Second, would a lot of the current trouble have been avoided if Labour’s electoral system was more like the Conservatives? Rather than just increasing the number of MPs needed to get nominated, Miliband’s reforms had followed the Tories in giving MPs an extended primary where they whittled down a large number of candidates to just two to face the membership/supporters/affiliates vote? With a much lower initial bar to being nominated, but a much-higher one to reach the voters, candidates who dropped out because of insufficient support this time like Mary Creagh and Tristram Hunt could have been part of the process, while no one would have needed to lend Corbyn any nominations, but a lack of support from MPs would prevent him making it to the final stage. Would it have ended up as Burnham vs Cooper, or might something different have happened?

(I actually think the Tory leadership election process is a good one, that only has such a bad reputation because the first time it was tried, it was given a selection of poor candidates and a party that didn’t want to be united)

5 thoughts on “Labour leadership: a pair of what ifs”

  1. I find all the who-ha over the canditature of Corbyn slightly amusing.

    I am reminded of an aposite quotation on this subject:

    “The Money power denounces, as public enemies, all who question its methods or throw light upon its crimes.” – William Jennings Bryan – US Congressman (1891-1895), US Secretary of State (1913-1915)


  2. I blame the candidates much more than the election system.

    Too often, Kendall, Cooper and Burnham have tried to draw from the Tony Blair playbook, without having his charisma or his Granita deal with a Brown figure who brought in some support from the left.

    (It’s easy to forget all these years later, but many saw Brown as a guarantee that a “New Labour” government would retain some caring principles.)

    There’s some irony in that Kendall and Cooper were very keen to throw Miliband under the bus as soon as possible, (maybe Burnham too, I might have missed it) when they would have benefited from him staying on for a while and the contest proceeding a bit later on in time.

    However, I have to throw another “what if” at you – the usual one – what if John Smith had carried on to the election?

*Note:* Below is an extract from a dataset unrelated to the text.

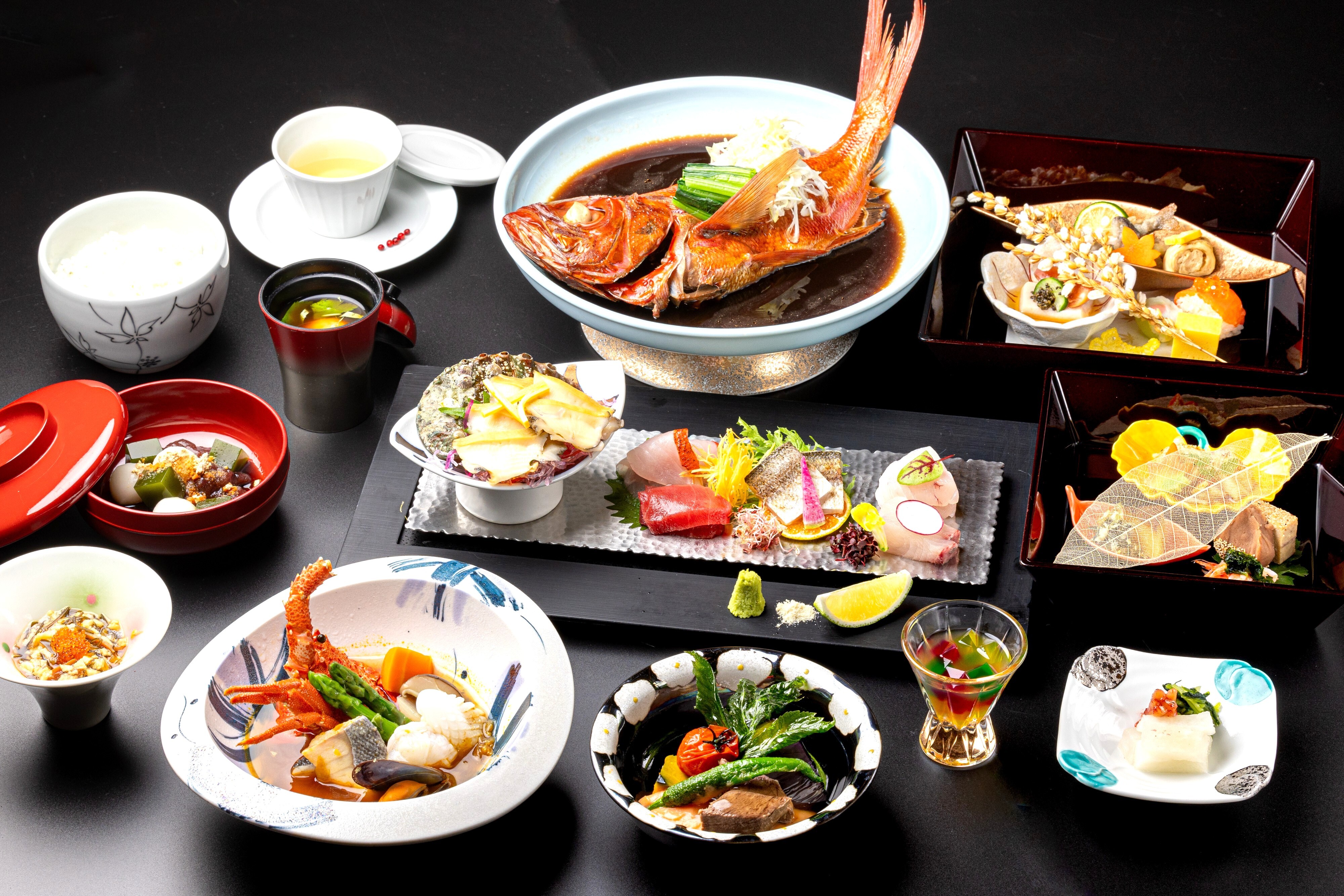 お食事は、伊豆で水揚げされた金目鯛や新鮮な魚介、伊豆の味覚や季節の食材を贅沢に使ったコース料理をご用意。伊勢海老・アワビ・和牛料理が楽しめる特選コースも人気です。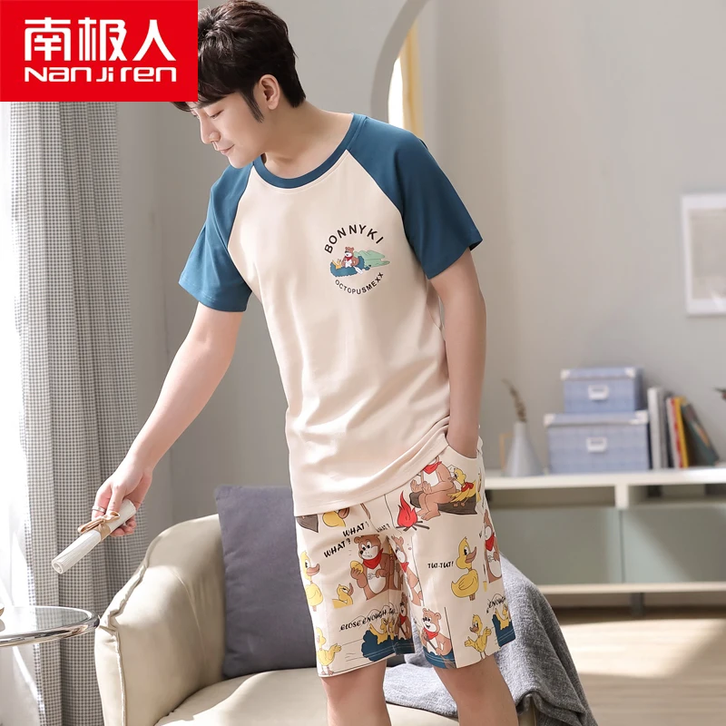 Special Price for NANJIREN Mens Pajamas Set Summer Home Casual Short Sleeves O-NECK Shirt Shorts Pajamas Set for Men Cartoon Sleepwear Set

There’s reason to believe he may have won… a reminder perhaps that Blair’s playbook might not be the only one in town…

    1. Oh, I’m pretty sure he would have won and not seen much of a convincing argument that says he wouldn’t. He probably wouldn’t have won with such a large majority as Blair, but a lot of people forget just how awful the Tories were after 1992.

  3. More focused on your thinking:

    The Labour process was designed around giving the grassroots more democracy – in part to slowly cut the union cord – but in part as recognition that unlike a Tory party funded by a few key individuals, Labour needs the grassroots engaged, or it is markedly less viable…

  4. My memory is getting quite poor and I was working abroad at the time. But I think there were other worthy candidates available. That they were to the left of the party may have led them to conclude that it wasn’t worth embarrassing themselves to even bother throwing their hat in the ring.
    I’m thinking of the likes of Tony Benn,Dennis Skinner, Ken Livingstone and George Galloway in particular, but even more moderate candidates like Michael Meacher and Tom Watson would have also been stymied.